Records contained in a dataset:
**********

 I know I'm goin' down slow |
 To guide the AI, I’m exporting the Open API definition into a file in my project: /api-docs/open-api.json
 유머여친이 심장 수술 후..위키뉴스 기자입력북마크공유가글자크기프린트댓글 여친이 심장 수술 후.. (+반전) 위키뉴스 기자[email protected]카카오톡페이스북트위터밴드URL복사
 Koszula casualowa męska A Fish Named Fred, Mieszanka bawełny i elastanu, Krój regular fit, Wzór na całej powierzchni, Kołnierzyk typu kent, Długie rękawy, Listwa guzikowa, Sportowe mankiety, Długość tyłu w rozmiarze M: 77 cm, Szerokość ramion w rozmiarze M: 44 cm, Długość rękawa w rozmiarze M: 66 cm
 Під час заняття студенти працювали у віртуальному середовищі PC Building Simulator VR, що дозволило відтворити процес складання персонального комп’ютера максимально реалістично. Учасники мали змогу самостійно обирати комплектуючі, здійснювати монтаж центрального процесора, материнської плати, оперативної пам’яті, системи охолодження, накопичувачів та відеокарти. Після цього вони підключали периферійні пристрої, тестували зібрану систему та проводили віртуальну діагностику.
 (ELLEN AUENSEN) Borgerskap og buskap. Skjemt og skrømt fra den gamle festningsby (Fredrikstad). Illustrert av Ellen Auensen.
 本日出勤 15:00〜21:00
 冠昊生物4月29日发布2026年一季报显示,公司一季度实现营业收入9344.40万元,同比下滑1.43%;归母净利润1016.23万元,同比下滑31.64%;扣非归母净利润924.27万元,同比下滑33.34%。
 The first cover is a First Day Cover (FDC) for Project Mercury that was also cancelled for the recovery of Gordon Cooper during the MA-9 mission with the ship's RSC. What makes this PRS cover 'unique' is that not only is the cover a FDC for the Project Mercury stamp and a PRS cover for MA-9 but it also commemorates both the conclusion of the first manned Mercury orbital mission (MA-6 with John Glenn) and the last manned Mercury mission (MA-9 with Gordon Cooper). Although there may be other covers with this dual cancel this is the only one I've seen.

**********

TASK STATEMENT:
Without altering anything, print all of the data again.

TASK RESPONSE:
 I know I'm goin' down slow |
 To guide the AI, I’m exporting the Open API definition into a file in my project: /api-docs/open-api.json
 유머여친이 심장 수술 후..위키뉴스 기자입력북마크공유가글자크기프린트댓글 여친이 심장 수술 후.. (+반전) 위키뉴스 기자[email protected]카카오톡페이스북트위터밴드URL복사
 Koszula casualowa męska A Fish Named Fred, Mieszanka bawełny i elastanu, Krój regular fit, Wzór na całej powierzchni, Kołnierzyk typu kent, Długie rękawy, Listwa guzikowa, Sportowe mankiety, Długość tyłu w rozmiarze M: 77 cm, Szerokość ramion w rozmiarze M: 44 cm, Długość rękawa w rozmiarze M: 66 cm
 Під час заняття студенти працювали у віртуальному середовищі PC Building Simulator VR, що дозволило відтворити процес складання персонального комп’ютера максимально реалістично. Учасники мали змогу самостійно обирати комплектуючі, здійснювати монтаж центрального процесора, материнської плати, оперативної пам’яті, системи охолодження, накопичувачів та відеокарти. Після цього вони підключали периферійні пристрої, тестували зібрану систему та проводили віртуальну діагностику.
 (ELLEN AUENSEN) Borgerskap og buskap. Skjemt og skrømt fra den gamle festningsby (Fredrikstad). Illustrert av Ellen Auensen.
 本日出勤 15:00〜21:00
 冠昊生物4月29日发布2026年一季报显示,公司一季度实现营业收入9344.40万元,同比下滑1.43%;归母净利润1016.23万元,同比下滑31.64%;扣非归母净利润924.27万元,同比下滑33.34%。
 The first cover is a First Day Cover (FDC) for Project Mercury that was also cancelled for the recovery of Gordon Cooper during the MA-9 mission with the ship's RSC. What makes this PRS cover 'unique' is that not only is the cover a FDC for the Project Mercury stamp and a PRS cover for MA-9 but it also commemorates both the conclusion of the first manned Mercury orbital mission (MA-6 with John Glenn) and the last manned Mercury mission (MA-9 with Gordon Cooper). Although there may be other covers with this dual cancel this is the only one I've seen.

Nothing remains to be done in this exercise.